Филипп, негодуя, направился к выходу. Он проталкивался сквозь толпу прихожан, и больше всего на свете ему хотелось кого-нибудь ударить. Или хотя бы наступить на ногу. Причина его гнева была ему не вполне ясна, и все-таки он был в ярости. Совсем не хотелось думать, почему.
 
Уже у дверей церкви он неожиданно остановился и закрыл лицо руками. Простояв так пару секунд, он сделал шаг в сторону и там, в темном углу, - в месте, не слишком подходящим для молитвы, - преклонил колени.
 
- Прости меня, Господи, - беззвучно сказал он, шевеля губами. – Ты, конечно, знаешь, что я не думаю на самом деле всего, что наговорил вчера. Ты знаешь, какой грандиозный замысел родился во мне при разговоре с Еретиком. Если этот замысел богопротивный, я верю, Ты остановишь меня, хоть и страшусь Твоего гнева. А если нет, то помоги мне, Господи, - направь мой ум.

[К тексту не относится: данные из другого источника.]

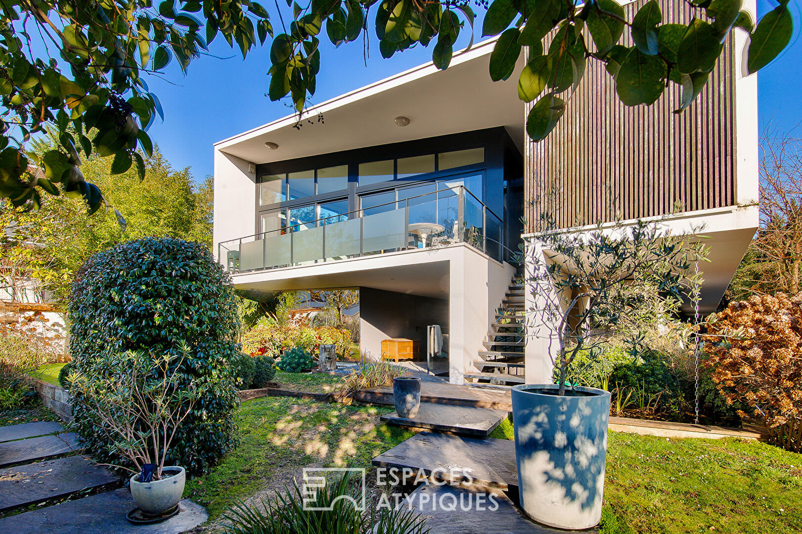 Décollée du sol aux moyens de pilotis, non sans rappeler les souvenirs corbuséens et l’empreinte de l’architecture moderne, elle est située dans le quartier unique de La Varenne Saint Hilaire, à Saint Maur des Fossés, à quelques pas des bords de Marne.
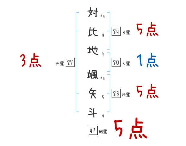 対比地颯矢斗さんの画数の鑑定結果
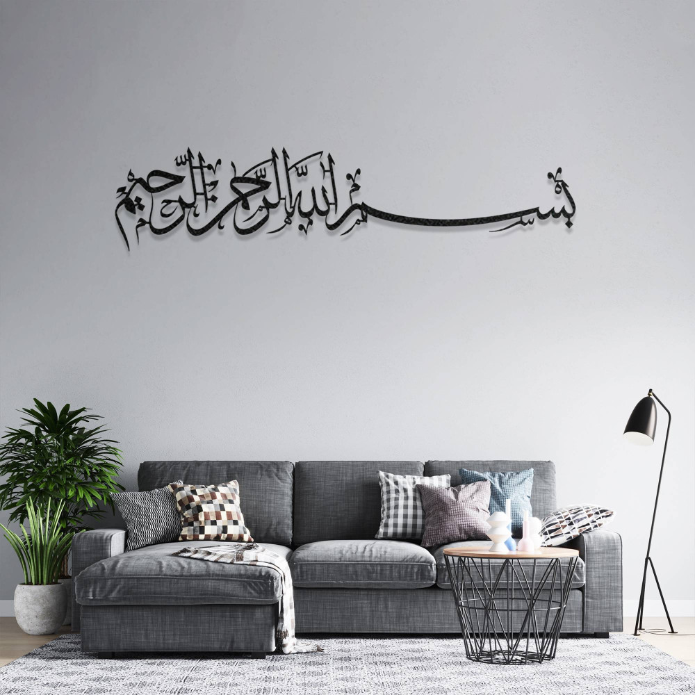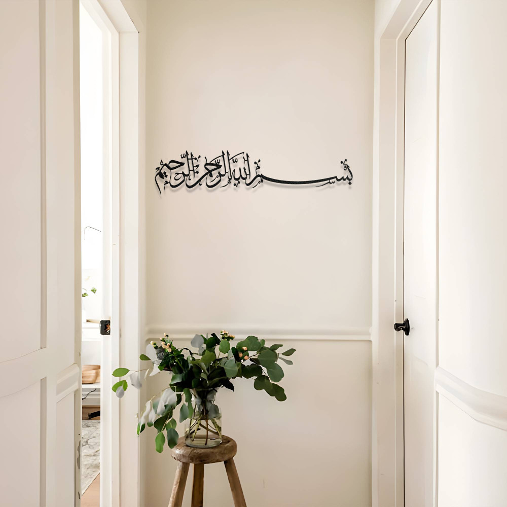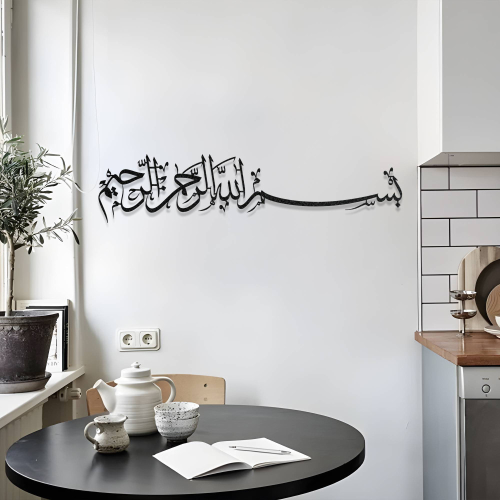 Geleneksel İslami hat sanatından ilham alınarak hazırlanan bu tasarım, modern metal işçiliği ile üretilmiştir. Salon, oturma odası, antre, çalışma alanı veya ibadet alanlarında kullanılabilecek bu dekoratif tablo, mekâna huzurlu ve anlamlı bir atmosfer kazandırır.

Аминь.
 
Перекрестившись, Филипп быстро вышел из церкви на залитое солнцем крыльцо и поежился под тонким женским шарфом, которым было обмотано его тело вместо зимней одежды. На соседнем доме он обнаружил прибитый гвоздем пергамент:
 
«Двадцать Положений против чернокнижника, еретика и пособника дьявола Филиппа Теофраста фон Гогенгейма по прозванию «Парацельс» из Эйнзидельна, в алфавитном порядке»
 
Филипп покачал головой и внимательно ознакомился с документом. Затем вынул из кармана маленький уголек и приписал снизу:
 
«Узнаю твою руку, Ханнес Хайм, по расписке, которую храню у сердца»
 
Подписался:
 
«Paracelsus. А ты – бесчестная жадная свинья»
 
На что только они не идут, чтобы не платить! Даже пишут Положения, не умея связать двух слов, хотя это касается не только должников, - в наше неспокойное время Положения не пишет только ленивый. По расписке Ханнес Хайм должен был Филиппу по прозванию «Парацельс» денег за излечение от подагры, - тех денег, которых Филипп так и не увидел, тех самых денег, которых так не хватало ему в эту зиму. На те, что накануне ночью он получил за лечение Мартинa Лютерa, Филипп решил наесться до отвала.
 
- Что такое «наесться до отвала», - громко спросил сам себя Парацельс, стоя возле телеги и толстого монаха, - по сравнению с тем, что нынче ночью я спас самого Лютера от смерти через гниение ноги?
 
Монах сложил губы трубочкой.
 
- Отвечу, - продолжил Парацельс. – Наесться до отвала – это немало. И только время покажет, добро я совершил этой ночью или зло.
 
[2] месяца спустя
 
- На что ты смотришь, лекарь? – спросил Лютер, присаживаясь на край жесткой скамьи, что служила Парацельсу постелью. – Что в твоем стакане?
 
- Моя моча.
 
Парацельс сидел при двух свечах, а на полу, у стены напротив, стоял небольшой стакан с жидкостью.
 
- Ты пялишься на свою мочу? – уточнил Лютер.
 
- Я ищу ответы.
 
Взгляд Парацельса был неподвижен, как и его тело. С момента их первой встречи его обстоятельства улучшились, - из угла с соломой он перебрался в самую дешевую, но все же отдельную комнату, которую сдавали ему добрый Отто и Ханна, - его молодая жена. Стены в этой комнате рассохлись, ветер с тихим зловещим свистом просачивался внутрь, но жар трактира, поднимавшийся снизу, делал комнату пригодной для жилья.
 
- Прекрасная весна, не так ли? – не сводя глаз со стакана, произнес Парацельс. - Как я счастлив, что мне довелось увидеть такое процветание.
 
- Но ты не выглядишь счастливым, - мягко сказал Лютер. – Если дело в деньгах, то я могу написать в Виттенберг, - там любят ученых мужей. A могу помочь и сам.
 
- Семеро баронов помогали мне, и пятеро епископов, - проговорил Парацельс. – И вот я здесь, в убогой конуре, с трудом дожил до весны. И спрашиваю тебя: ты помнишь, о чем мы говорили в нашу первую встречу?
 
- Что ты можешь излечить себя.
 
- Нет, после.
 
Лютер нахмурился.
 
- Я тебе помогу, - не дожидаясь ответа, произнес Парацельс. – Ты спросил, хотел бы я жить вечно. А я ответил, что скорее нет, чем да.
 
Лютер закивал, припоминая. Он сидел, аккуратно сложив руки на коленях. Он немного округлился с их последней встречи, и все еще неуверенно поджимал левую ногу.
 
- Когда я вышел от тебя, то задал себе вопрос: что значит вечная жизнь?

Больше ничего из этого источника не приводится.